Оставшись в парашной комнатушке, Матюшин потащился к тазу умывальника, залез головой под ледяную воду, что сморкала из ноздреватого крана, и потихоньку начал оживать. Умылся, зализался, пошагал, чуть робея, в караулку. Но китаец давно отправился в роту. Помогалов же был доволен его свеженьким видом да расхваливал, не унимаясь, марганцовку, и ничего в караулке за это время не изменилось. Ночью, когда в караулке не сыскать было живой души, раздобыв карандаш и клочок хозяйственной, будто б из опилок, бумаги, Матюшин накарябал весточку в Ельск. Клочка хватило, чтоб сообщить, что жив и здоров, да взмолить выслать десять рублей, срочно ему нужных, как жизнь. Слезы дрожали в его глазах от мысли, что клочок этот будут держать в своих руках отец и мать, будто б и сам касался не бумажки, а заскорузлых рук, да не мог от них никак оторваться. Однако ж дармовой копеечный конверт отбыл по адресу чохом с другими солдатскими письмишками, так что отмирало тоскливо сердце, как неспешно и долго с почтой уходили отпущенные прогуляться на станцию двое зверей.

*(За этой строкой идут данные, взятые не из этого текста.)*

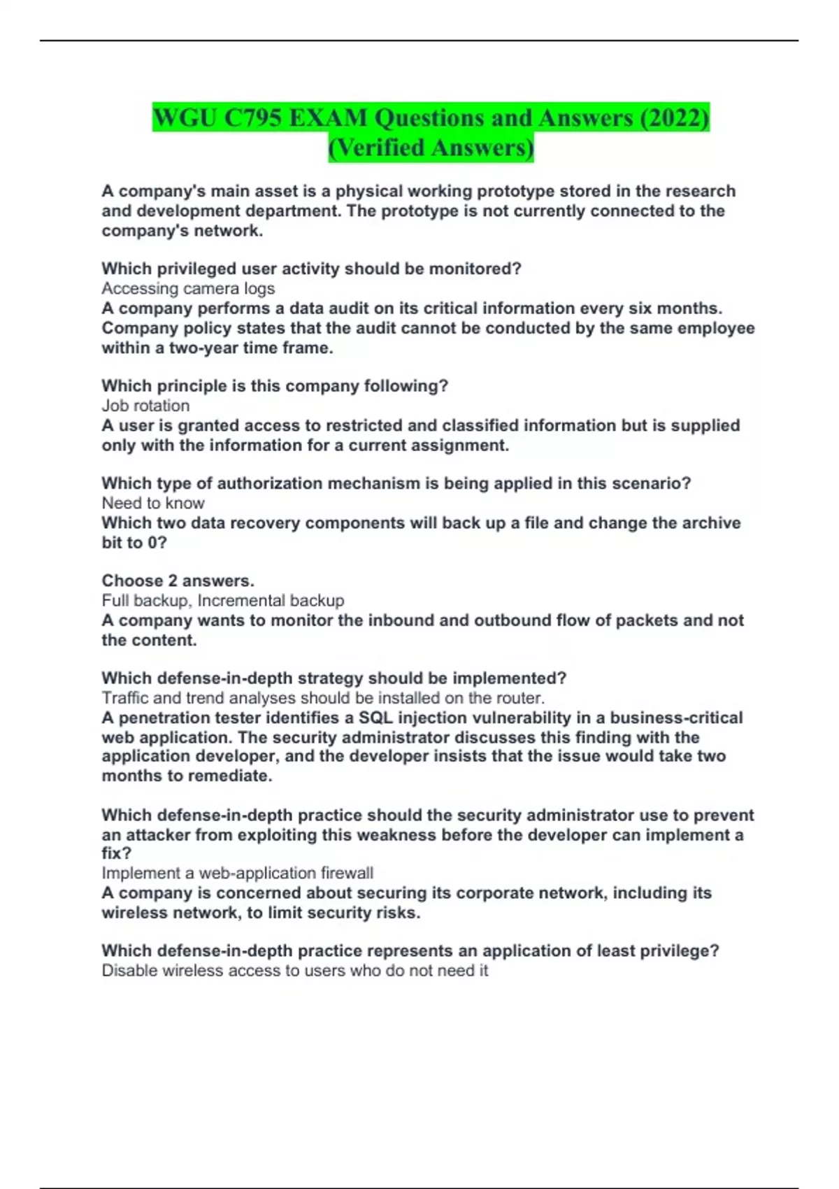 WGU C795 EXAM Questions and Answers (2022) (Verified Answers) A company's main asset is a physical working prototype stored in the research and development department. The prototype is not currently connected to the company's network. Which privileged user activity should be monitored? Accessing camera logs A company performs a data audit on its critical information every six months. Company policy states that the audit cannot be conducted by the same employee within a two-year time frame. Which principle is this company following? Job rotation A user is granted access to restricted and classified information but is supplied only with the information for a current assignment. Which type of authorization mechanism is being applied in this scenario? Need to know Which two data recovery components will back up a file and change the archive bit to 0? Choose 2 answers. Full backup, Incremental backup A company wants to monitor the inbound and outbound flow of packets and not the content. Which defense-in-depth strategy should be implemented? Traffic and trend analyses should be installed on the router. A penetration tester identifies a SQL injection vulnerability in a business-critical web application. The security administrator discusses this finding with the application developer, and the developer insists that the issue would take two months to remediate. Which defense-in-depth practice should the security administrator use to prevent an attacker from exploiting this weakness before the developer can implement a fix? Implement a web-application firewall A company is concerned about securing its corporate network, including its wireless network, to limit security risks. Which defense-in-depth practice represents an application of least privilege? Disable wireless access to users who do not need it A technician notifies her supervisor that the nightly backup of a critical system failed during the previous night's run. Because the system is critical to the organization, the technician raised the issue in order to make management aware of the missing backup. The technician is looking for guidance on whether additional actions should be taken on the single backup failure. Which role is responsible for making the final decision on how to handle the incomplete backup? Data owner A company relies exclusively on a system for critical functions. An audit is performed, and the report notes that there is no log review performed on the system. Management has been tasked with selecting the appropriate person to perform the log reviews in order to correct the deficiency. Which role is responsible for reviewing and auditing logs in order to detect any malicious behavior? Security Administrator A company's main asset is its client list stored in the company database, which is accessible to only specific users. The client list contains Health Insurance Portability and Accountability Act (HIPAA) protected data. Which user activity should be monitored? Privilege escalation An employee is transferring data onto removable media. The company wants to reduce the likelihood of fraud, and transferring data onto removable media is limited to special cases. Which security principle should the company execute as a policy to reduce fraud? Two person control An executive is using a cell phone to view sensitive data. Which control would protect the sensitive data stored on the phone from being exposed due to loss or theft? Encryption A company has identified a massive security breach in its healthcare records department. Over 50% of customers' personally identifiable information (PII) has been stolen. The customers are aware of the breach, and the company is taking actions to protect customer assets through the personal security policy, which addresses PII data. Which preventive measure should the company pursue to protect against future attacks? Use network-based and host-based firewalls An organization needs to improve the security of the systems it is monitoring. It has determined that the systems need regularly scheduled vulnerability scans.

Дни превратились в томительное щекотное ожидание. Письмо из дома послушно притекло в руки. Конверт был крепко склеен, так что пришлось рвать терпеливо, но вложено не оказалось даже рублика. Только исписанный кривобоким бережливым материным почерком лист бумаги. Но и в том, что отписывала Александра Яковлевна сыну, – ни словечка, ни душка не было о деньгах, что он просил срочно выслать. Мать докладывала свой день, что она с утра сделала, будто только о том и было в ее голове; прописала, что они довольны с отцом, что он жив и здоров, чтобы бросил хоть в армии вредить здоровью – курить; да в конце было так: «Пиши нам, Васенька, желаем тебе здоровья, счастья, успехов в труде и в учебе». Мать отошла сама собой, он и позабыл, что она там писала. Он видел во тьме лицо поджатое смуглое отца, слышал его ласковатый голос, какой стал у него после смерти Якова, – вот гляди, говорит, а сам десять рублей только и жалеет; ночью в караулке, лежа на нарах средь сдохшей солдатни, Матюшин глухо плакал, покуда не проклял вдруг со всей ясностью отца, – и сам сдох, уснул.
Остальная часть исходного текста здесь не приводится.